Mary Trump’s new memoir about her uncle, President Trump, alleges that what she describes as a dysfunctional family — and a psychologically abusive father — “damaged” his worldview.
The book, titled “Too Much and Never Enough: How My Family Created the World’s Most Dangerous Man,” is due to be published next week. Mary Trump, 55, is a trained clinical psychologist and daughter of the president's late older brother, Fred “Freddy” Trump Jr., who died of alcoholism when she was just 16.
The president’s younger brother, Robert Trump, tried to stop the publication of the book, claiming it violates a confidentiality agreement Mary signed years ago. But a judge ruled last week that the book’s publisher, Simon & Schuster, could go ahead with its release, now set for July 14.
An advance copy of the tell-all obtained by Yahoo News includes numerous examples of Trump family trauma — and “twisted behaviors” exhibited by the future president.
A tortured father-son relationship
"In order to understand what brought Donald — and all of us — to this point, we need to start with my grandfather and his own need for recognition,” Mary writes of Fred Trump Sr., the family’s patriarch, “a need that propelled him to encourage Donald’s reckless hyperbole and unearned confidence that hid Donald’s pathological weaknesses and insecurities.”
According to Mary, Fred Trump Sr. routinely mocked her father, and Donald had plenty of time to learn from watching his father “humiliate” his older brother.
“The lesson,” Mary writes, “was that it was wrong to be like Freddy: Fred didn’t respect his oldest son, so neither would Donald.”
Fred, in turn, would manipulate Donald’s desire to please his father, according to Mary.
“Donald was to my grandfather what the border wall has been for Donald: a vanity project funded at the expense of more worthy pursuits,” she writes.
“By limiting Donald’s access to his own feelings and rendering many of them unacceptable, Fred perverted his son’s perception of the world and damaged his ability to live in it,” she continued. “The atmosphere of division my grandfather created in the Trump family is the water in which Donald has always swum, and division continues to benefit him at the expense of everybody else.”
The death of Trump’s older brother
Fred Trump Jr. died of an alcohol-induced heart attack when he was 42. According to the book, he was sent to the hospital alone before he died. On the night of his death, she writes, Donald went to see a movie.

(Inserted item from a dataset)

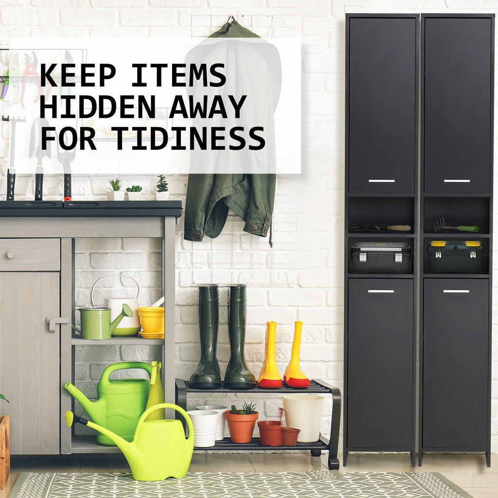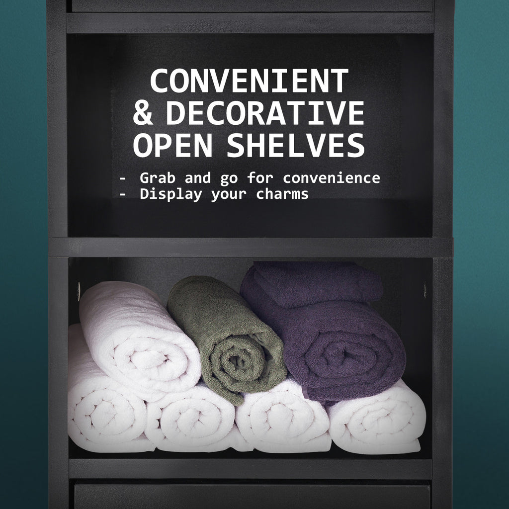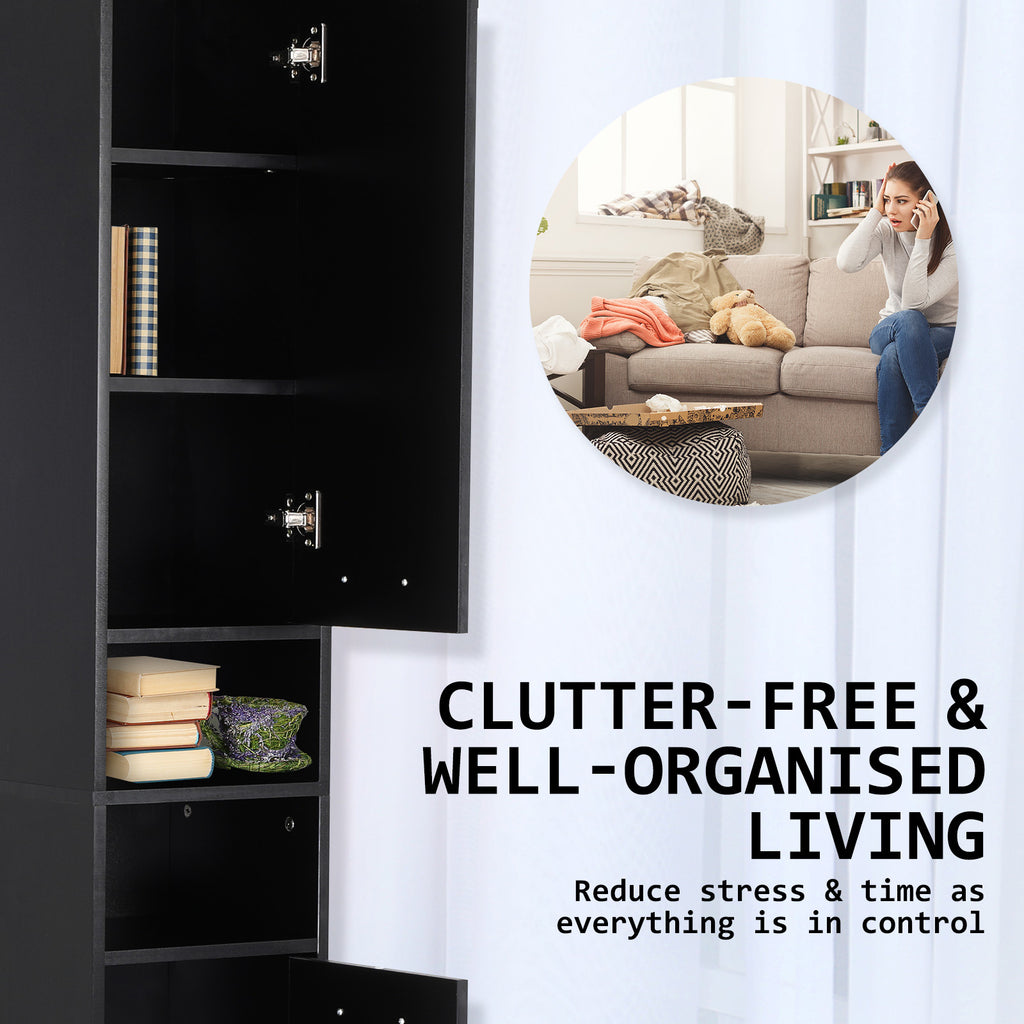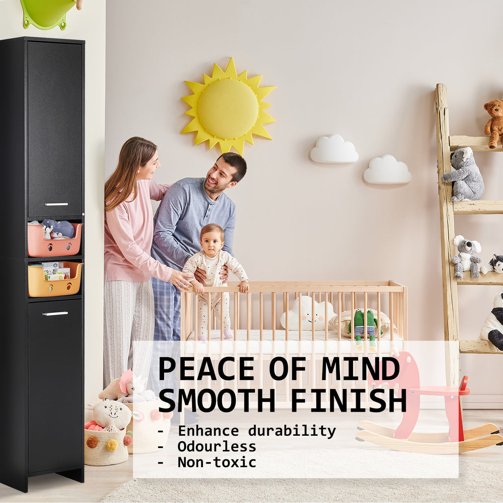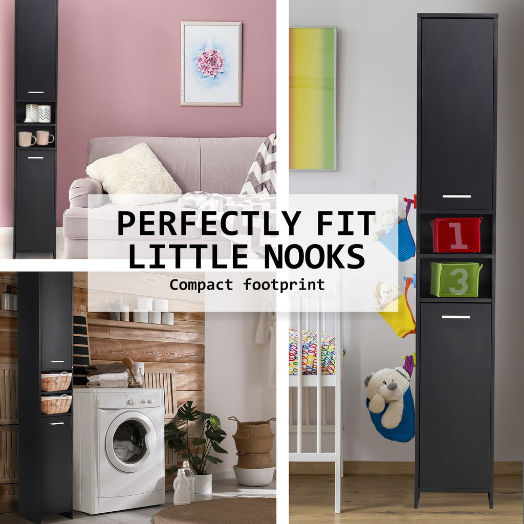La Bella Bathroom Storage Cabinet 185cm Organiser Cupboard Shelf Tall Slim - Black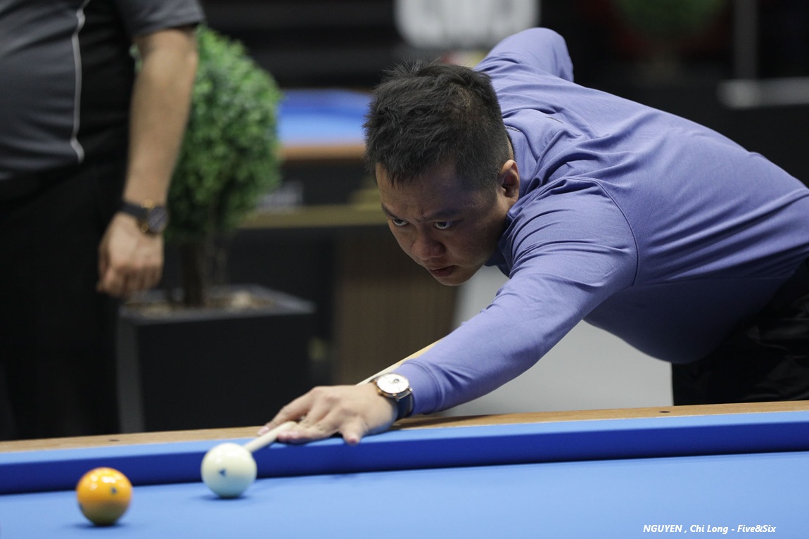 Quyet Chien Tran, who came ever so close to winning the overall World Cup last year, had to deal with Jung Han Heo in the last 16. The very dangerous Korean had made 40 in 8 yesterday, with a run of 22. Tran kept his cool and got the job done at 50-41 in 21/20 innings. The quarterfinal against Jeremy Bury took a few more innings, and Bury couldn’t shine like he did earlier in the week: 50-35 in 29/28.

To Mary, her father’s death was the culmination of years of abuse.
“Donald, following the lead of my grandfather and with the complicity, silence, and inaction of his siblings, destroyed my father,” she writes.
Cheating on the SATs
Mary claims the president paid someone to take the SAT on his behalf. The high score helped him get into Fordham University and the University of Pennsylvania’s Wharton School, where he has claimed he graduated with the “highest grades possible.”
(Trump’s name, though, is not on the dean’s list that was published by the Daily Pennsylvanian in 1968, the year he graduated.)
In 2019, Michael Cohen, Trump’s longtime fixer, testified to Congress that Trump directed him to “threaten his high school, his colleges and the College Board to never release his grades or SAT scores.”
‘He has no principles. None!’
After he launched his bid for president in 2015, Donald’s sister Maryanne Trump Barry called her brother “a clown” and predicted his presidency “will never happen.” She also mocked him for courting evangelical Christians.
“What the f*** is wrong with them?” Maryanne said, according to Mary’s account. “The only time Donald went to church was when the cameras were there. It’s mind-boggling. But that’s all about his base. He has no principles. None!”
A ‘paean to his own greatness’
Mary Trump recalls Fred Trump Sr.’s funeral in a scene that will sound familiar to anyone who has seen Trump give a speech.
“For the most part, in ways both oblique and direct, the emphasis was on my grandfather’s material success, his ‘killer’ instinct, and his talent for saving a buck,” she writes. “Donald was the only one to deviate from the script. In a cringe-inducing turn, his eulogy devolved into a paean to his own greatness.”
“It was so embarrassing,” she adds, “that Maryanne later told her son not to allow any of her siblings to speak at her funeral.”
The president’s complex ‘pathologies’
In the book, Mary calls her uncle a textbook narcissist, but believes his psychological issues go well beyond that.
“The fact is,” she writes, “Donald’s pathologies are so complex and his behaviors so often inexplicable that coming up with an accurate and comprehensive diagnosis would require a full battery of psychological and neurophysical tests that he’ll never sit for.”
Mary adds: “Donald is today much as he was at three years old: incapable of growing, learning, or evolving, unable to regulate his emotions, moderate his responses, or take in and synthesize information. Donald’s need for affirmation is so great that he doesn’t seem to notice that the largest group of his supporters are people he wouldn’t condescend to be seen with outside of a rally.”
The White House response
The president has not commented publicly on Mary’s book or its allegations.
Kellyanne Conway, counselor to the president, was asked by reporters Tuesday about the forthcoming tell-all.
“Well, he’s not her patient — he’s her uncle,” Conway said. “And I think family matters are family matters.”